The value of this prefix is to provide a placeholder that can be easily tracked - e.g. generate reports to the user/BEL content admin that X TDB terms are older than 3 months, ... and make it easy to find them and update them. The source content used to generate the BEL Nanopub/TDB term is still there for review so we understand the ground truth behind the TBD term.

Regarding BELScript - I don't see an issue with having a TBD prefix as opposed to no prefix at all. You are already doing this in BELIEF/BELScript by leaving off prefixes for unknown terms if I understand your comment above. It's easier to parse BEL if we use a TBD prefix (or it could be UNK or UNKNOWN - don't really care what the prefix is) so that these BEL entities have the normal structure of CAPS:"?value"?.

wshayes commented 6 years ago

Charlie - thanks for letting me know I killed the Template file. I added it back.

johnbachman commented 6 years ago

Is there a problem with the fact that "TBD" would be a global, rather than local namespace for ungrounded/unmapped terms? So for example suppose I am working in a particular domain where I find that there are a number of important concepts lacking a relevant namespace, so I add those into my document with the namespace with "TBD" as the identifier; now suppose somebody does the same thing, working in another domain. If these BEL documents are merged into a new corpus, now all of the unmapped entities get lumped into the "TBD" namespace, arguably losing the implicit provenance that comes with having been associated with a particular curation/modeling project.

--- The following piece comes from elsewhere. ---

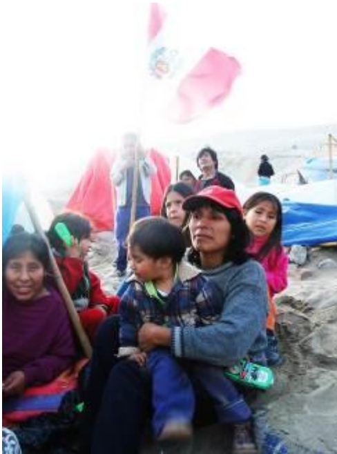
2 Primer registro de invasión o toma de terreno en ciudadela Pachacutec - Distrito Ventanilla - Callao. 2006

Local namespaces that are generic within an organization (imagine the SCAI:xxxx namespace for entities identified/needed/requested by SCAI curators) might be an alternative here. I'm not necessarily convinced that this is better than TBD, but curious to know others' thoughts.

wshayes commented 6 years ago

This to me is the difference between a global placeholder (TBD) term that should be added to a public ontology vs a private (e.g. SCAI) namespace.

It seemed like it might be a good idea to have a placeholder like this as part of BEL, but I'm gathering that there is a lot of discomfort with the concept as well as some confusion with it. I'm happy to pull this proposal from consideration.

We already manage private terminologies and if the private repository has an equivalence in a public ontology - we can easily convert to the public ontology during de-canonicalization in the BEL.bio API.

wshayes commented 6 years ago

I'm withdrawing this BEP. I'll approve the PR and move BEP2 to the unapproved folder.